AIM OF THE TASK: In the records below, find the line containing "Pero no hay" and repeat it and every line after it exactly, without pictures.

BEGIN GIVEN DATA

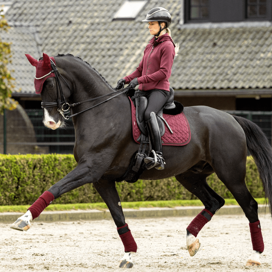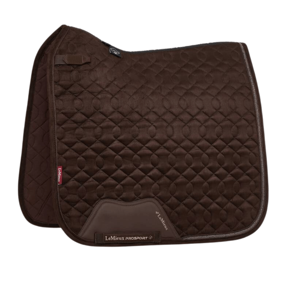 Expertly crafted with a soft suede top and a sleek quilted pattern, the LeMieux Crystal Suede Close Contact Saddle Pad brings a professional touch to your saddle. The luxurious bamboo lining regulates temperature by wicking sweat and moisture, keeping your horse comfortable in any weather. Designed for a secure fit under dressage saddles, with stunning sparkle and braided detail trims for added style.
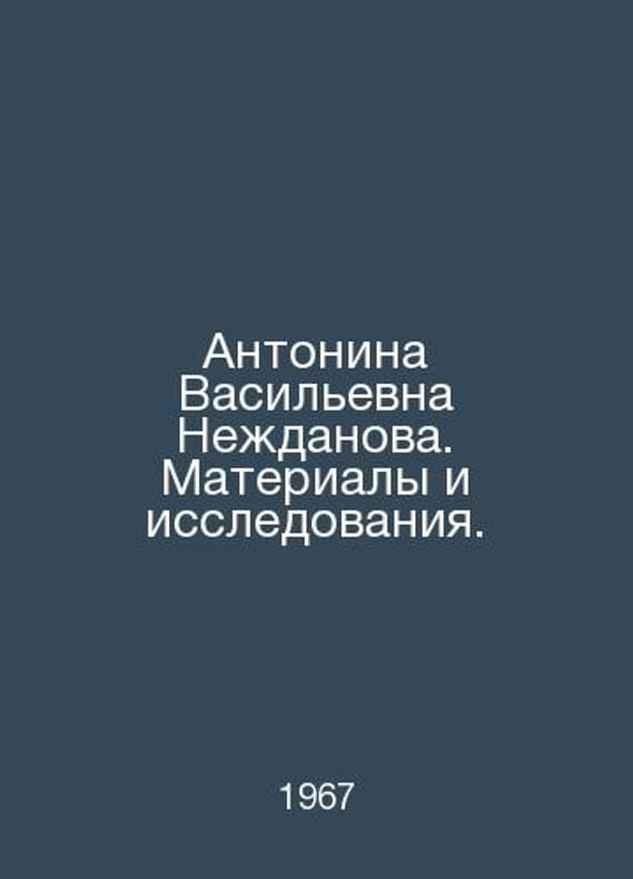 Antonina Nezhdanova. Materials and Research. In Russian /Antonina Vasilevna Nezhdanova. Materialy i issledovaniya. Nezhdanova Vocal and Creative Study. Artist V.V. Lazursky. Moscow. Art. 1967.Contact us for details or to request photos of available books. Delivery of this book could take longer than normal due to additional handling time before shipping, and no rush delivery options are available. Please let us know if you have a specific date by which you need to receive your order.SKUalb65f4b5650d7c9887
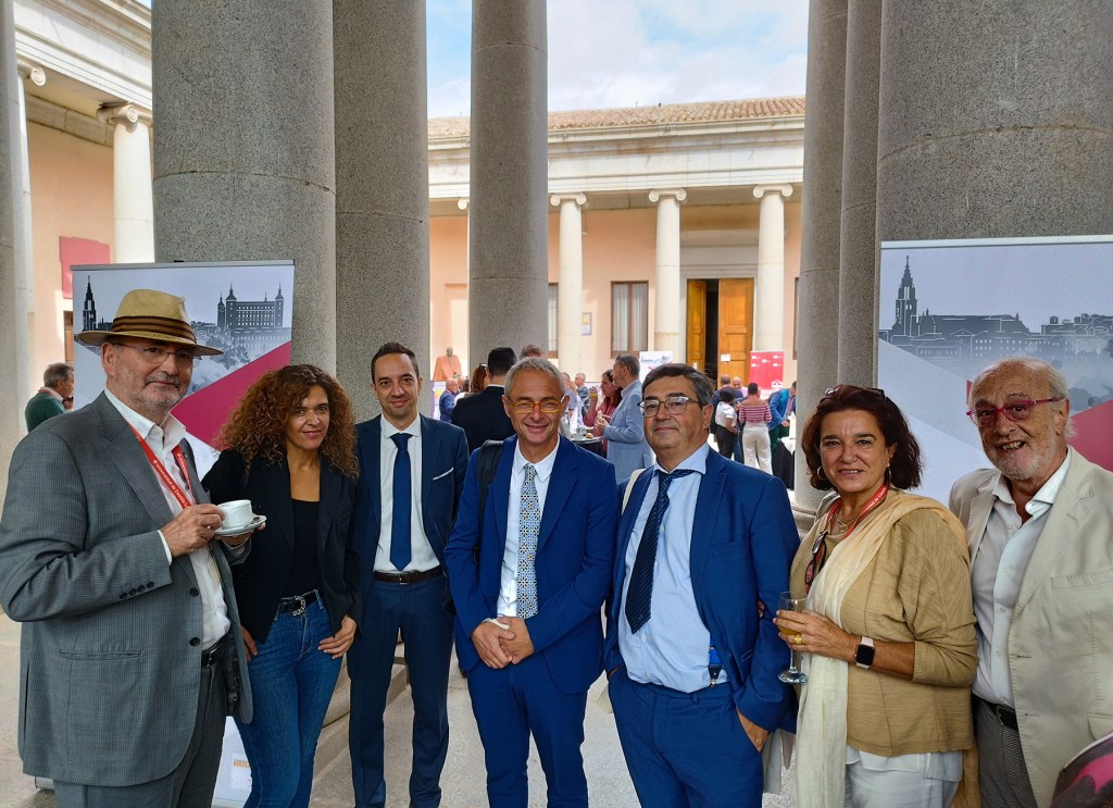 Pero no hay uno sin dos, así que al día siguiente participé como ponente en Toledo en un Congreso Nacional sobre la Ley Orgánica del Sistema Universitario, organizado por la Universidad de Castilla-La Mancha, y al margen de las densas y vivas enseñanzas que las aulas ofrecieron, en el exterior, en la plaza interior del claustro, tuvimos ocasión de departir los asistentes, compartiendo café y vinito, con algún pinchito. También «disfrutamos», por cierto, de paseos por angostas callejuelas y «trekking» por sus empinadas cuestas.
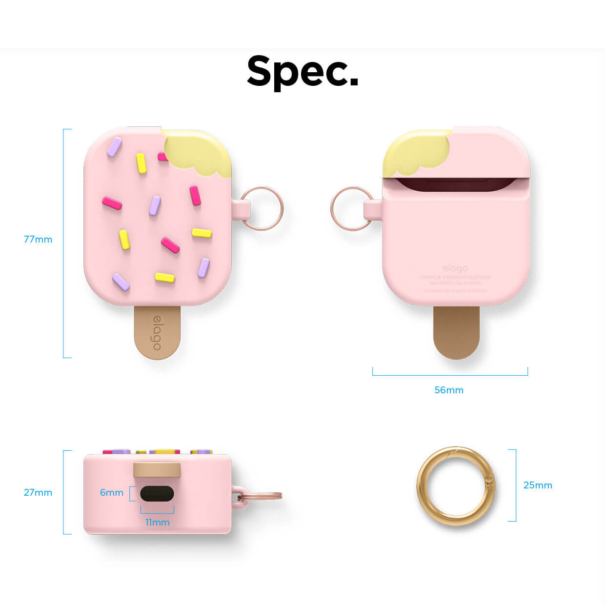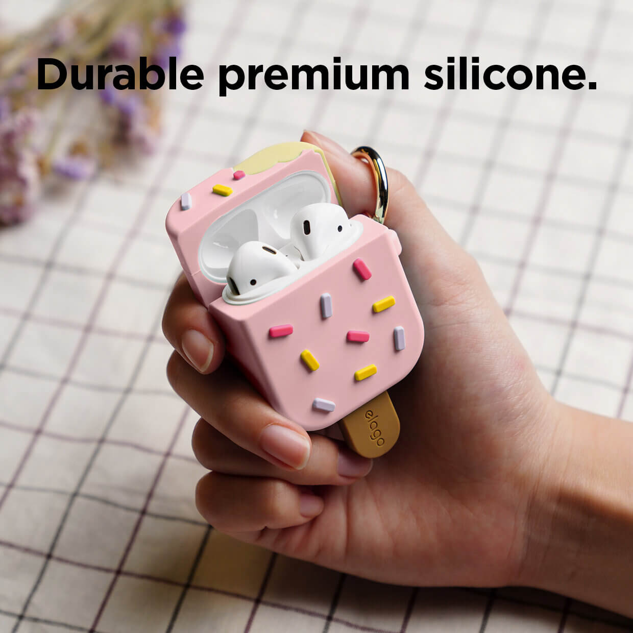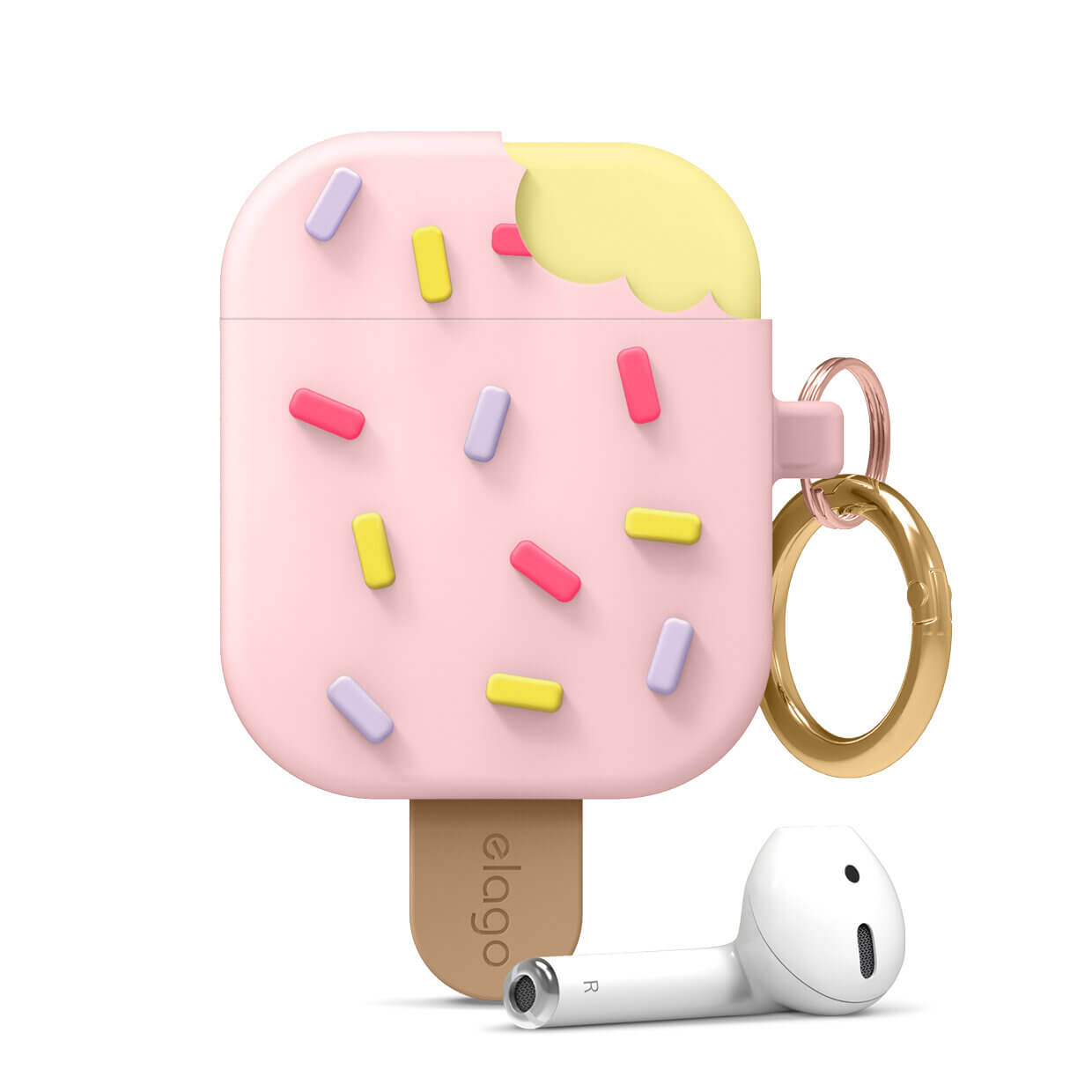 Elago Airpods Ice Cream Design Silicone Case - силиконов калъф с карабинер за Apple Airpods и Apple Airpods 2 (розов)
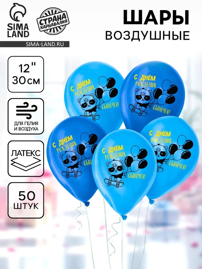 Воздушные шары латексные 12" «С Днём Рождения, сыночек», 50 шт. — Характеристики

END GIVEN DATA

EXERCISE SOLUTION:
 Pero no hay uno sin dos, así que al día siguiente participé como ponente en Toledo en un Congreso Nacional sobre la Ley Orgánica del Sistema Universitario, organizado por la Universidad de Castilla-La Mancha, y al margen de las densas y vivas enseñanzas que las aulas ofrecieron, en el exterior, en la plaza interior del claustro, tuvimos ocasión de departir los asistentes, compartiendo café y vinito, con algún pinchito. También «disfrutamos», por cierto, de paseos por angostas callejuelas y «trekking» por sus empinadas cuestas.
 Elago Airpods Ice Cream Design Silicone Case - силиконов калъф с карабинер за Apple Airpods и Apple Airpods 2 (розов)
 Воздушные шары латексные 12" «С Днём Рождения, сыночек», 50 шт. — Характеристики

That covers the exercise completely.